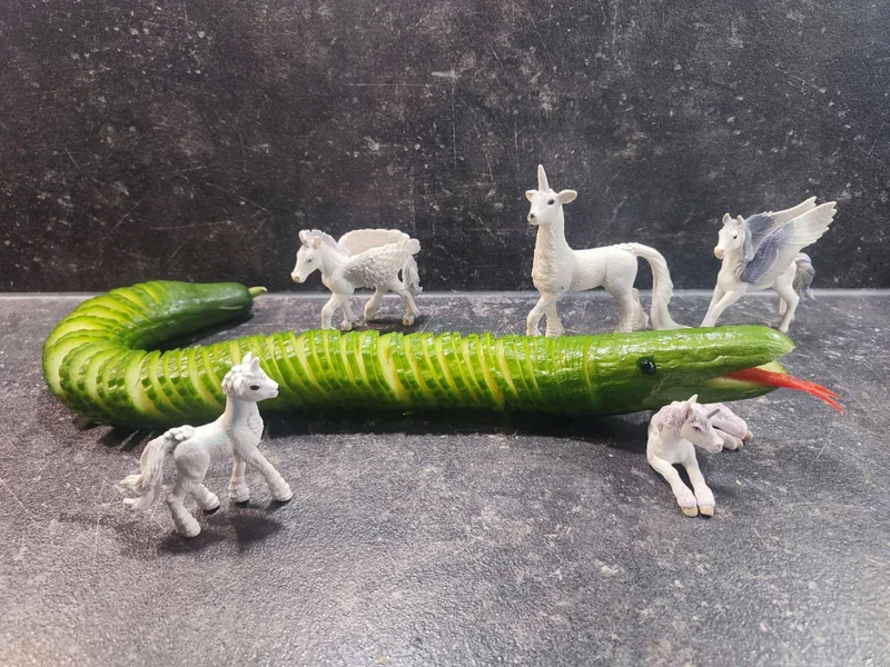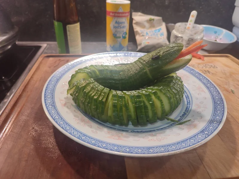 从冰箱里拿出一条黄瓜。绿得很正,还带着点凉气。也没多想,就用上蓑衣刀法。刀一下一下下去,黄瓜没断,却被拉得细长柔软,像是蛇被人慢慢舒开了筋骨。前头切出一刀口,算是蛇口;嵌进一小条红椒,当信子;两粒红豆,往上一按,眼睛就有了。黄瓜一摆,还真像条蛇——不是凶的那种,是挺通人情、有些萌的碧蛇。
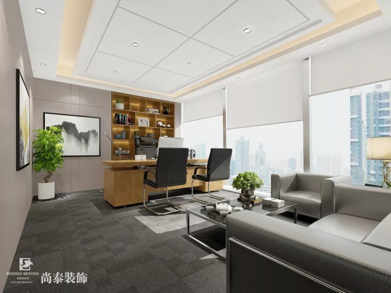 董事長室更為現(xiàn)代成熟,天花采用隱藏燈帶形式,做出時尚光感,
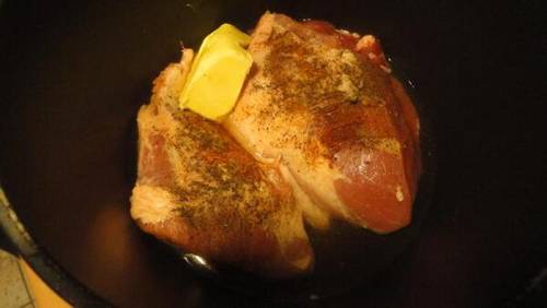Итак, томленое мясо. Берем кусочек свининки. Граммов на 700. У меня под рукой оказался на кило с плюсом. Тоже неплохо. По мышцам, чтобы не резать мясо, разделили кусочек на две неравные половинки, присолили каждую из них, старательно втерли сначала красный, а потом черный молотый перчик и — в казан их.

- TASK DESCRIPTION:
Copy the material above in full and exactly, skipping pictures.

- ANSWER:
 从冰箱里拿出一条黄瓜。绿得很正,还带着点凉气。也没多想,就用上蓑衣刀法。刀一下一下下去,黄瓜没断,却被拉得细长柔软,像是蛇被人慢慢舒开了筋骨。前头切出一刀口,算是蛇口;嵌进一小条红椒,当信子;两粒红豆,往上一按,眼睛就有了。黄瓜一摆,还真像条蛇——不是凶的那种,是挺通人情、有些萌的碧蛇。
 董事長室更為現(xiàn)代成熟,天花采用隱藏燈帶形式,做出時尚光感,
Итак, томленое мясо. Берем кусочек свининки. Граммов на 700. У меня под рукой оказался на кило с плюсом. Тоже неплохо. По мышцам, чтобы не резать мясо, разделили кусочек на две неравные половинки, присолили каждую из них, старательно втерли сначала красный, а потом черный молотый перчик и — в казан их.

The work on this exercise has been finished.